- Information provided
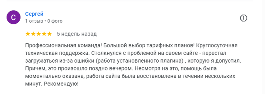 Второй ответ покажем на примере отзыва. Вот что пишет наш клиент Сергей после решения его проблемы техподдержкой:
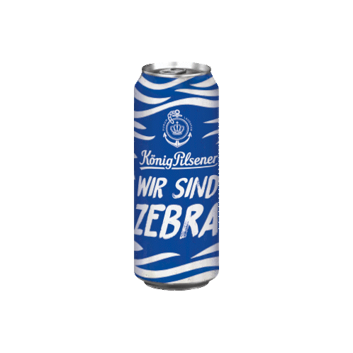 a blue can of konig pilsener wir sind zebra beer
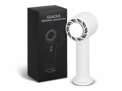 Stay cool on-the-go with our high-performance cooling fan. With ultra-quiet operation and three speed settings, This custom fan includes a cooling plate for refreshing airflow on hot days. The fold-out carabiner allows for easy attachment to bags, making this custom fan a convenient travel companion. Plus, it doubles as a stand for desks or tables when folded away. This Custom Hand Held Fans boasts a 2200mAh battery and recharges effortlessly via Type-C cable. Presented in a sleek black gift box
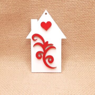 Σπίτι κρεμαστό 10cm σε plexiglass με φλοράλ
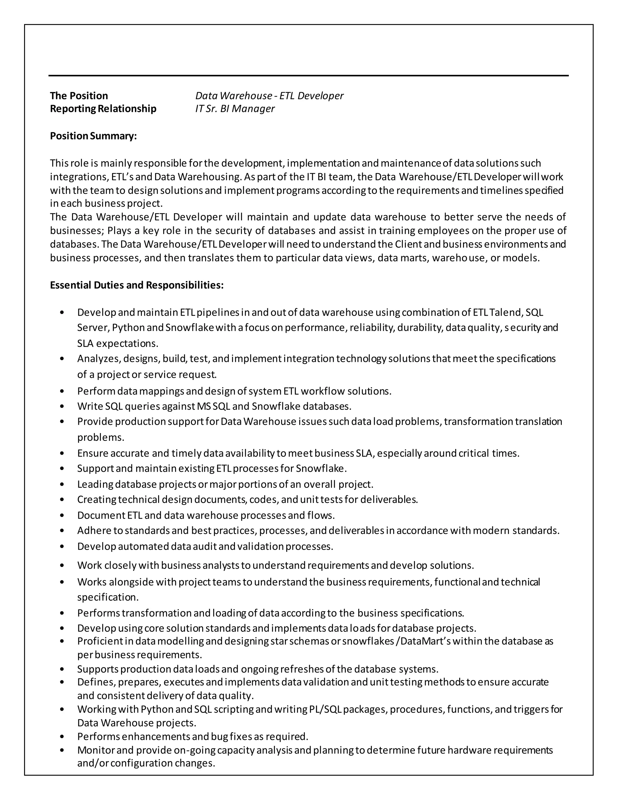 This role is responsible for developing, implementing, and maintaining data solutions such as integrations, ETLs, and the data warehouse. As part of the IT BI team, the Data Warehouse/ETL Developer will design solutions and implement programs according to project requirements and timelines. The developer will maintain and update the data warehouse to serve business needs, and assist with database security and training. Responsibilities include developing and maintaining ETL pipelines, performing data mapping and workflow design, writing SQL queries, and ensuring accurate and timely data availability. Strong experience with databases, data warehousing, ETL tools like Talend, SQL, and Snowflake is required.
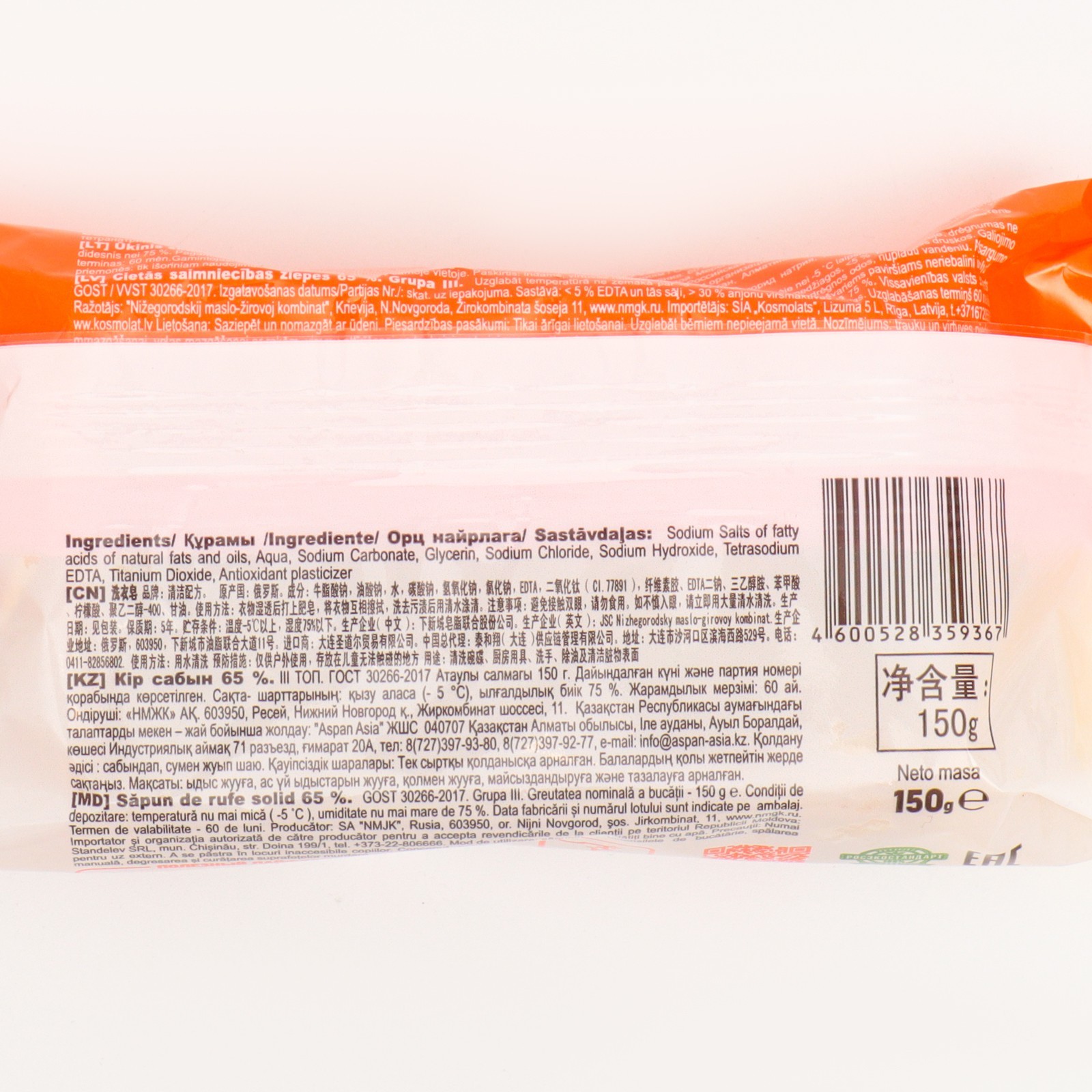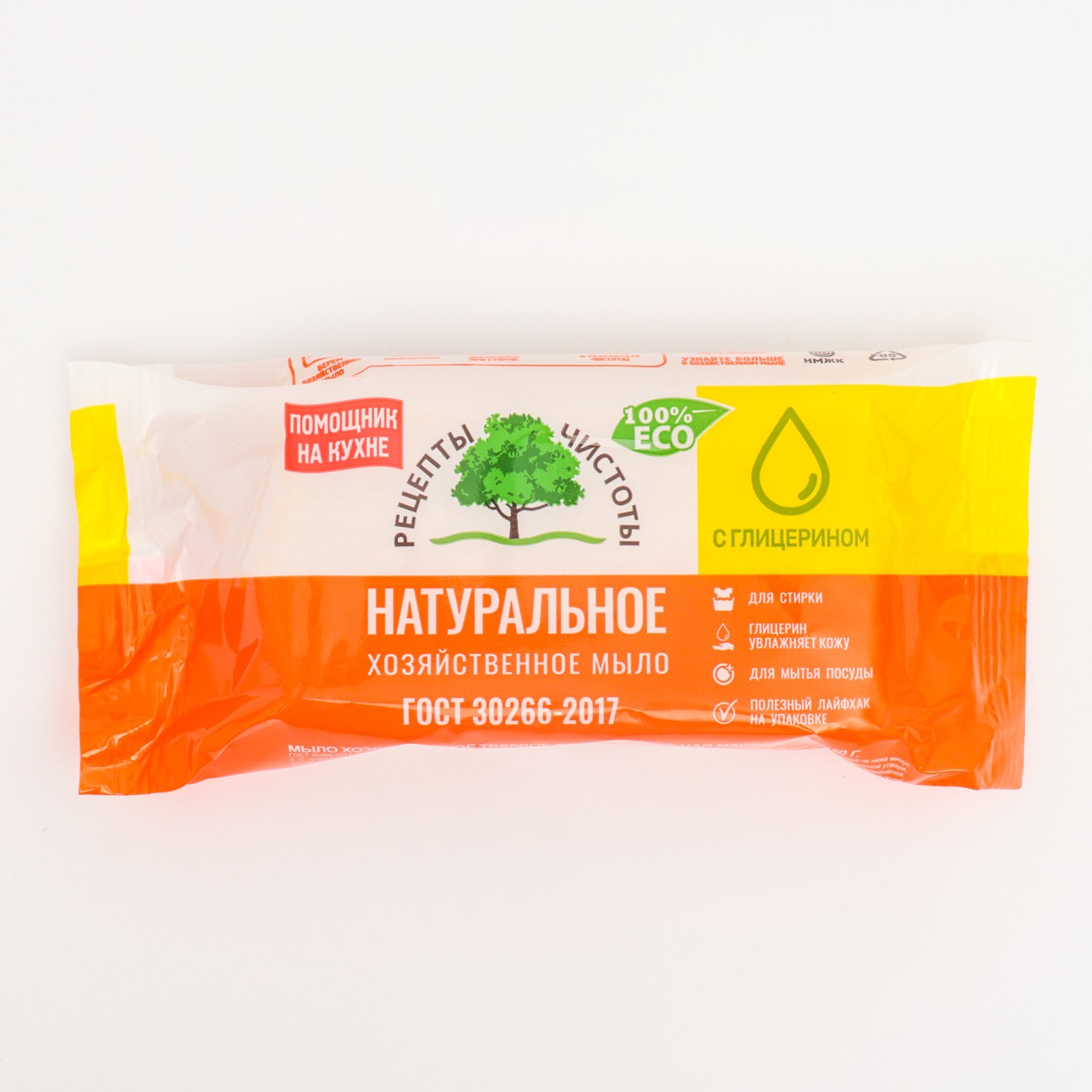 Мыло хозяйственное твердое 65% рецепты чистоты, с глицерином, 150 г. Твердое хозяйственное мыло 65% изготовлено в пленочной упаковке из натурального жирового сырья по традиционной рецептуре и в соответствии с требованиями ГОСТ. Мыло не содержит отдушек и красителей, обладает высокой отстирывающей способностью даже в холодной жесткой воде и полностью выполаскивается из тканей. Состав: Натриевые соли жирных кислот натуральных жиров и масел, вода, кальцинированная сода, натр едкий, хлорид натрия, комплексообразователь тетранатрий ЭДТА, диоксид титана, антиоксидант-пластификатор. Вес, г/Объём, мл: 150 Вес, г: 150 Аромат: Без аромата Тип: Твёрдое Вид мыла: Хозяйственное Температурное ограничение: Нет Товар 18+: Нет  развернуть описание ▼

- Exercise
Would you output the lines above from the line holding "Stay cool on-the-go" up to and including the line holding "Σπίτι κρεμαστό 10cm σε plexiglass με φλοράλ", exactly and only those, with no pictures?

- Response to the task
 Stay cool on-the-go with our high-performance cooling fan. With ultra-quiet operation and three speed settings, This custom fan includes a cooling plate for refreshing airflow on hot days. The fold-out carabiner allows for easy attachment to bags, making this custom fan a convenient travel companion. Plus, it doubles as a stand for desks or tables when folded away. This Custom Hand Held Fans boasts a 2200mAh battery and recharges effortlessly via Type-C cable. Presented in a sleek black gift box
 Σπίτι κρεμαστό 10cm σε plexiglass με φλοράλ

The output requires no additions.